My colleagues and I speak of “theistic realism” — or sometimes, “mere creation” –as the defining concept of our movement. This means that we affirm that God is objectively real as Creator, and that the reality of God is tangibly recorded in evidence accessible to science, particularly in biology. We avoid the tangled arguments about how or whether to reconcile the Biblical account with the present state of scientific knowledge, because we think these issues can be much more constructively engaged when we have a scientific picture that is not distorted by naturalistic prejudice. If life is not simply matter evolving by natural selection, but is something that had to be designed by a creator who is real, then the nature of that creator, and the possibility of revelation, will become a matter of widespread interest among thoughtful people who are currently being taught that evolutionary science has show God to be a product of the human imagination.
Intelligent Design creationism is all about hiding Jesus under a blanket of pseudoscience and smuggling him into the public schools. Nothing more, nothing less.
Melanie Phillips clearly knows nothing about the case. So what possible reason could she have for claiming ID is distinct from creationism?
Whatever the ramifications of the specific school textbooks under scrutiny in the Kitzmiller/Dover case, the fact is that Intelligent Design not only does not come out of Creationism but stands against it. This is because Creationism comes out of religion while Intelligent Design comes out of science. Creationism, whose proponents are Bible literalists, is a specific doctrine which holds that the earth was literally created in six days. Intelligent Design, whose proponents are mainly scientists, holds that the complexity of science suggests that there must have been a governing intelligence behind the origin of matter, which could not have developed spontaneously from nothing.

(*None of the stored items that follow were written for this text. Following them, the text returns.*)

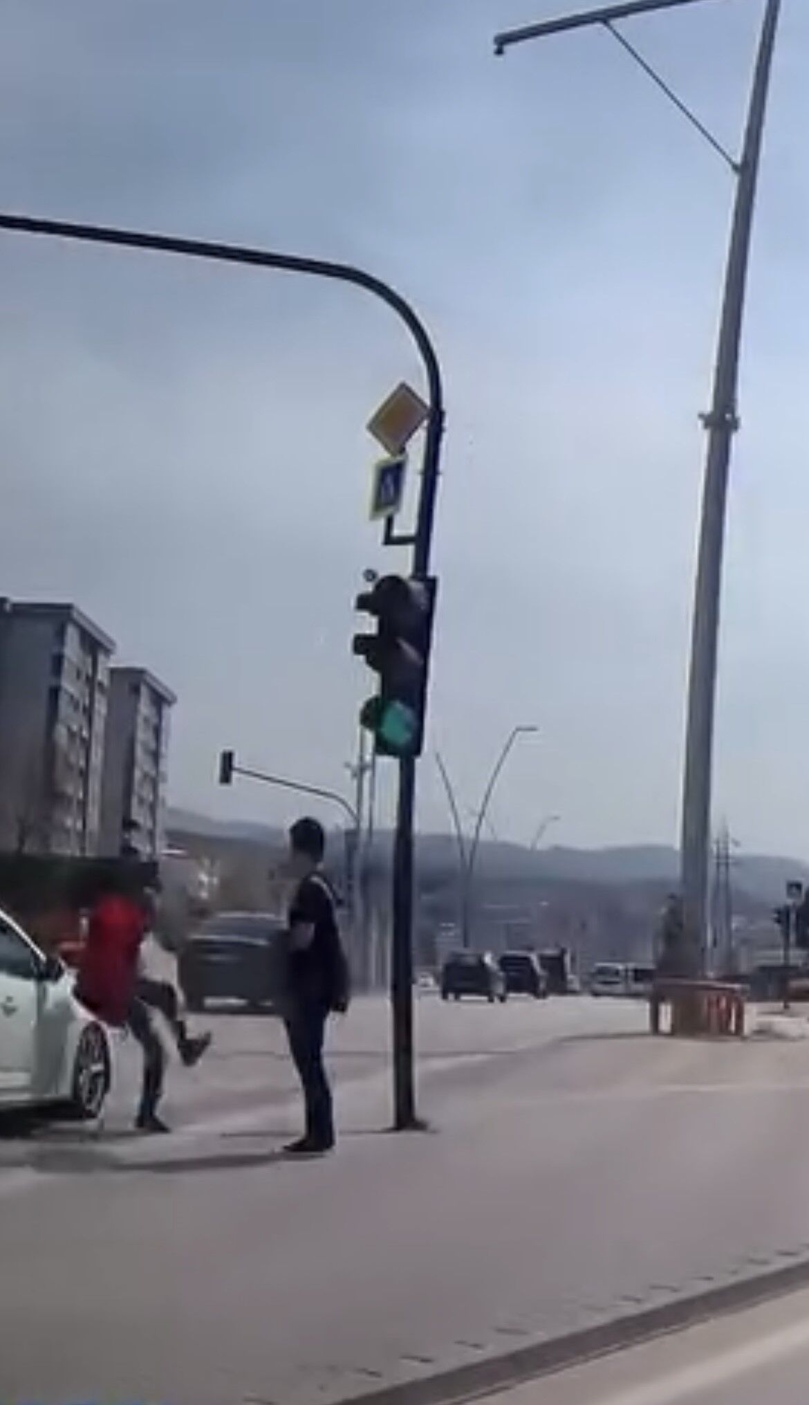Bursa'nın Nilüfer ilçesinde trafik ışıklarının araçlara yeşil yandığı sırada karşıya geçmek isteyen bir yaya, akan trafiğe aldırış etmeden yola çıktı.
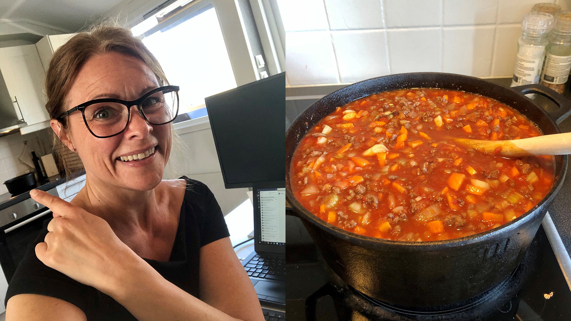 Når man er så mye hjemme som vi er nå, rekker jeg jo å gjøre ting jeg ikke rekker (eller orker) til vanlig. Som å lage hjemmelaget bolognese (dokumentert med bilde), som skal koke i 100 år. Det er sikkert sånn som helt normale mennesker gjør ellers, men for de som kjenner meg godt vet de at jeg ikke lever opp til Brimi som etternavn – jeg burde heller hete Toro. Så vi spiser nok både sunnere og mer hjemmelaget mat i COVID-tider. Det er bra. Og så spiser vi flere måltider sammen. Det er best. Mer kvalitetstid med familien er definitivt en av fordelene med å jobbe remote.
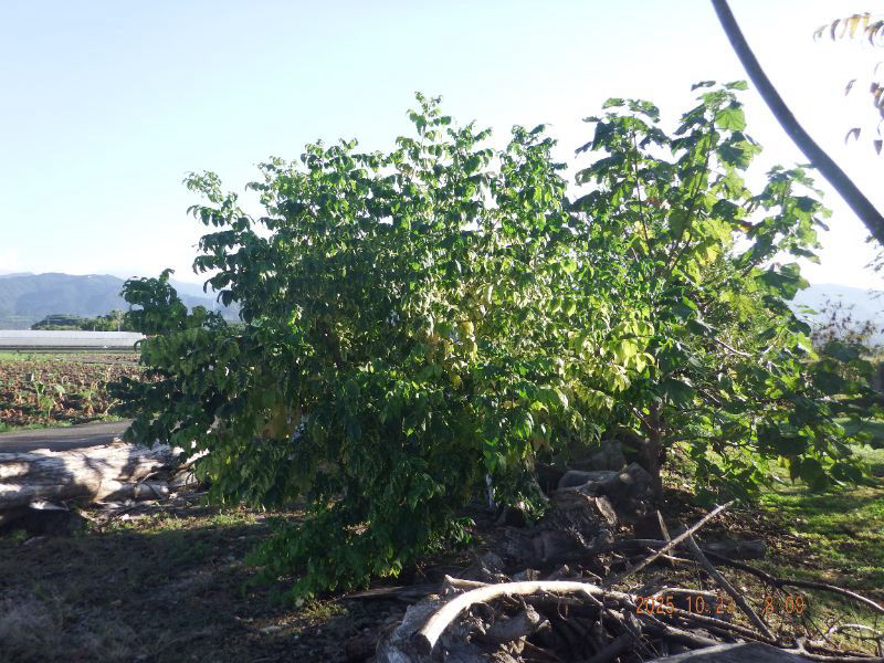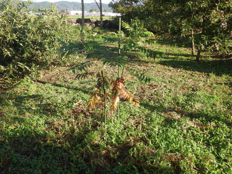 昨年苗を植えた、桐の木ですね。根元は200mmくらい有りますね。
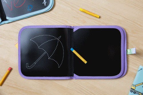 各種外出場合、旅行以及車程的良伴,就是攜帶型的粉筆畫冊啦!輕便好攜帶,也不用擔心畫得到處都是,或是要另外準備一堆紙張。
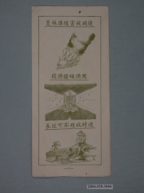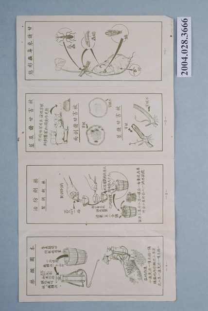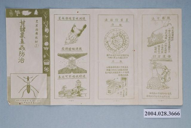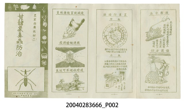 1.本物件為紙本農業宣傳摺頁,頁面周邊有各種農產品及農作物圖案,封面上面有「農業推廣教材(十二)」字樣,並且在中間寫上「甘藷象鼻蟲防治」,最下方有甘藷象鼻蟲圖案。 2.用途:此為農業文宣,主題談論甘藷象鼻蟲防治問題,並有甘藷象鼻蟲圖解,讓民眾更加清楚如何防治。
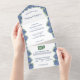Hydrangeas Watercolor All In One Wedding Invite es una hermosa acuarela con hortensias azules y vegetación. Perfecto para un boda de primavera/verano. Puede personalizar seleccionando "Personalizar esta plantilla" o si desea realizar una personalizar aún mayor de este diseño, seleccione "Editar usando la herramienta Diseño". Si necesitas artículos coincidentes, por favor contáctame.
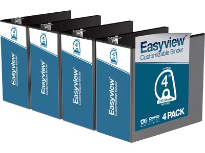 Davis Group Easyview Premium 4" 3-Ring View Binders, D-Ring, Black, 4/Pack (8406-01-04)
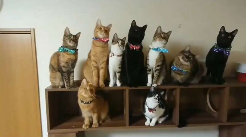 ▼看到9隻貓咪一起轉頭的畫面,是不是也感覺超可愛的呢?
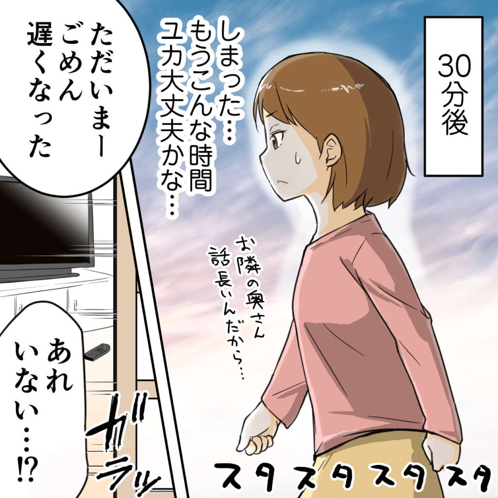 「しまった・・もうこんな時間。ユカ大丈夫かな・・」お隣の奥さんの話につきあい、帰りそびれてしまった私。家に着いて、「ただいまー!ごめん遅くなった」と声をかけるも、「あれいない・・!?」人気がない・・。
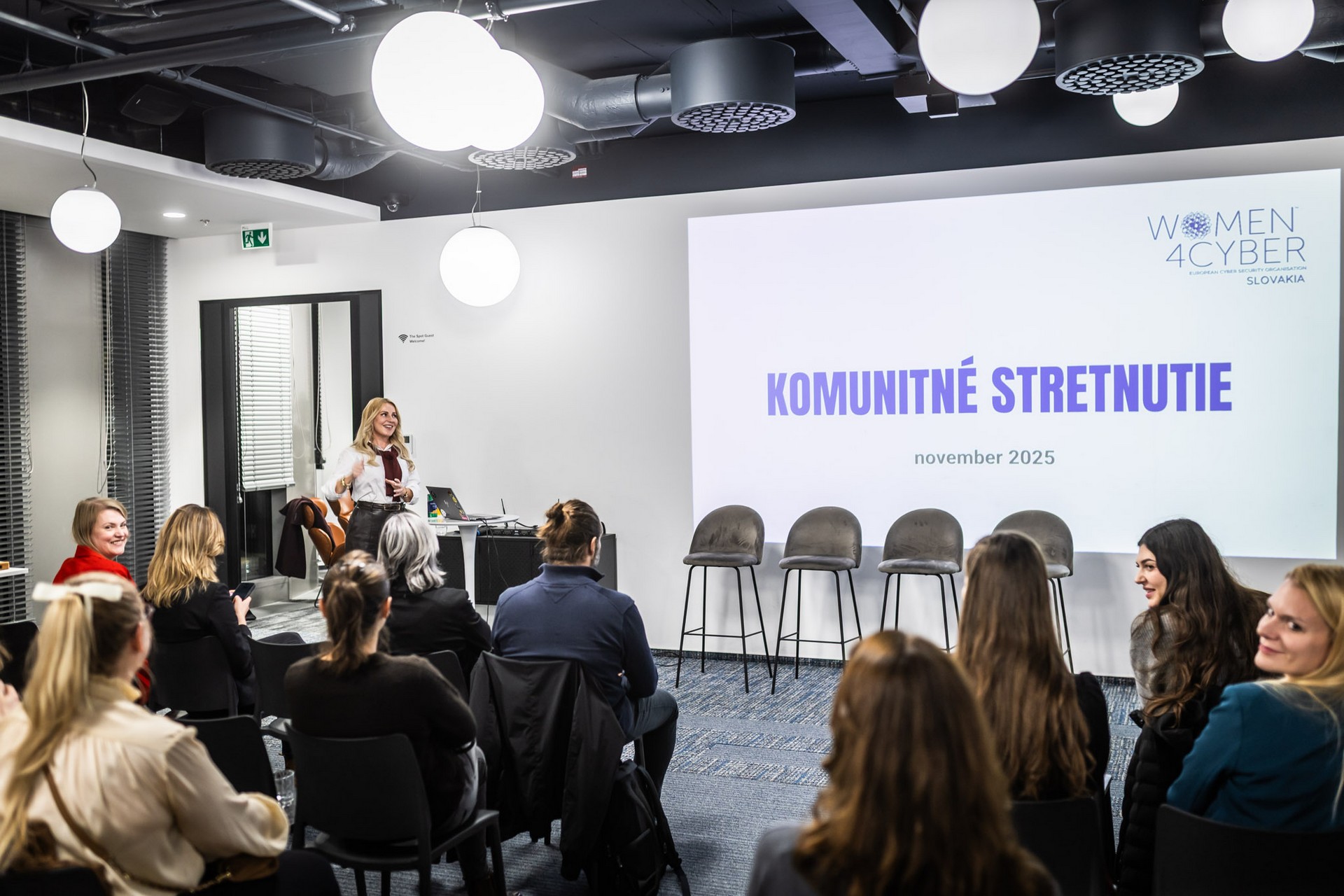 Úvodného slova sa ujala naša Martinka Lisická. Bezprostredne a úprimne nám pripomenula, ako celá táto myšlienka vznikla. Rozprávala o tom, aké dôležité je mať priestor, kde ženy z oblasti kybernetickej bezpečnosti môžu rásť, spájať sa a cítiť, že niekam skutočne patria.
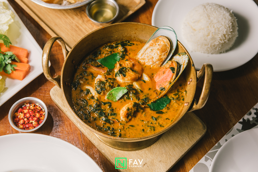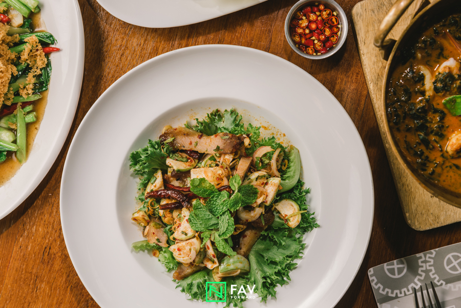 โดยเมนูอาหารไทยโมเดิร์นที่ร้านแนะนำในวันนี้มี แกงคั่ววิลลี่ทะเลรวม ( 250 บาท ) ที่ใช้ผักโขมแทนใบขี้เหล็ก แต่ยังคงรสดั้งเดิมของแกงคั่ว ทั้งรสเข้มข้นของเครื่องแกงและความหวานมันของกะทิ เป็นการผสมผสานระหว่างตะวันตกและตะวันออกอย่างลงตัว ต่อกันด้วยเมนูคุ้นเคย คะน้าปลาเค็มฟู (220 บาท) ที่เสิร์ฟความไม่ธรรมดาด้วยปลาเค็มทอดฟูกรอบ แทนที่ด้วยปลาเค็มชิ้น ผนวกกับความกรอบและสดของคะน้า ทำให้เมนูกลายเป็นเมนูโปรดของเราได้ไม่ยาก
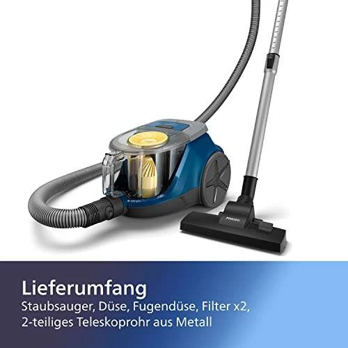Lieferumfang: Philips Staubsauger, Mehrzweckdüse, Fugendüse, Super-Clean-Luftfilter, abwaschbarer Filter, 2-teiliges Teleskoprohr aus Metall
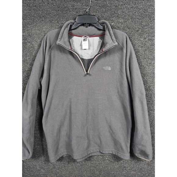 The North Face Pullover Mens Large Gray Fleece Quarter Zip Waffle Knit Sweater
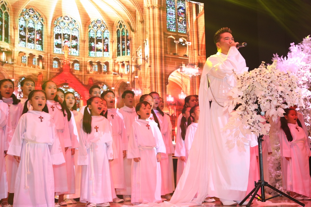 | Trong liveshow, lần đầu tiên, Mr Đàm giới thiệu với khán giả một số bài hát trong album Thánh ca. Biểu diễn cùng 40 em nhỏ cùng mặc áo dòng màu trắng, Đàm Vĩnh Hưng khiến đồng nghiệp nể vì độ chịu chơi trong âm nhạc. |
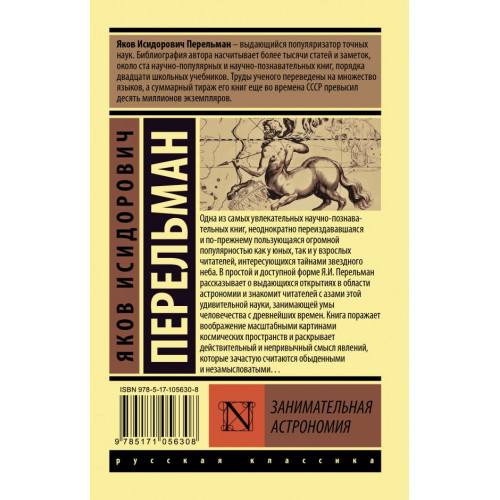 «Астрономия — счастливая наука: она, по выражению французского ученого Араго, не нуждается в украшениях. Достижения ее настолько захватывающи, что не приходится прилагать особых забот для привлечения к ним внимания»...Легендарный отечественный математик и физик Яков Перельман посвятил жизнь не только изучению науки, но и ее популяризации. Его книги «Занимательная физика», «Занимательная арифметика», «Занимательные опыты», «Занимательная энциклопедия эрудита», а также научпоп «Занимательная астрономия» стали настольными для нескольких поколений школьников в нашей стране.В «Занимательной астрономии», которая впервые была опубликована в 1929 году, Перельман в пяти главах рассказывает о важнейших космических явлениях. В первой он ведет речь о Земле, ее форме, движении вокруг Солнца и собственной оси, о смене времени суток и сезонов года. Во второй — о Луне, ее гравитации, пейзажах и затмениях. В третьей — о планетах Солнечной системы, их противостоянии и загадках. В четвертой — о звездах, их сиянии, размерах и масштабах Вселенной. А в пятой — о тяготении, измерении веса и плотности планет и звезд, связи между космическими явлениями и погодой...
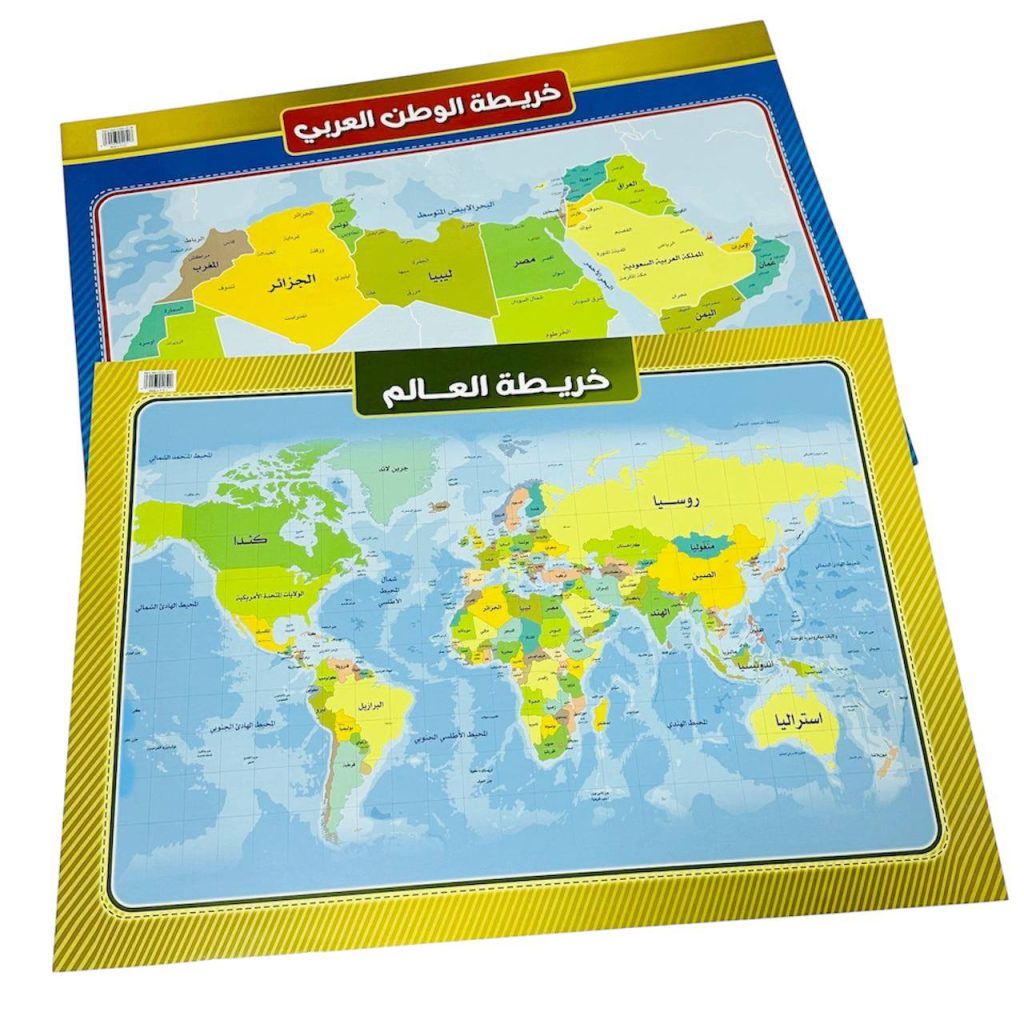 وسيلة خريطة الوطن العربي & العالم مقاس 70*50 سم Fn

Intelligent Design creationism does not come out of science. The initial founders of the Discovery Institute were lawyers, philosophers, venture capitalists, businessmen, and theologians, with a scarce few recruits who were once scientists, like Michael Behe. Science emerges from evidence, not ideology, and these gomers had none, and still have none. They have a claim that there is a “governing intelligence”, but have shown no evidence for such a being, nor have they even speculated openly about the nature of that intelligence…because when they do, they have to admit that they believe it was the Christian god. Again, without supporting evidence.
This is why Miller is completely correct to say Intelligent Design creationism is “an attempt to repackage good old-fashioned Creationism and make it more palatable”. Overt admission that their ideas are based on religion means they are non-scientific, and gets them excluded from science classes. By lying and concealing their motives, they hope to sneak it in past people who are too stupid to recognize the obvious, or who share similar underhanded motives for denying the truth. I wonder which of those two alternatives best fit Melanie Phillips?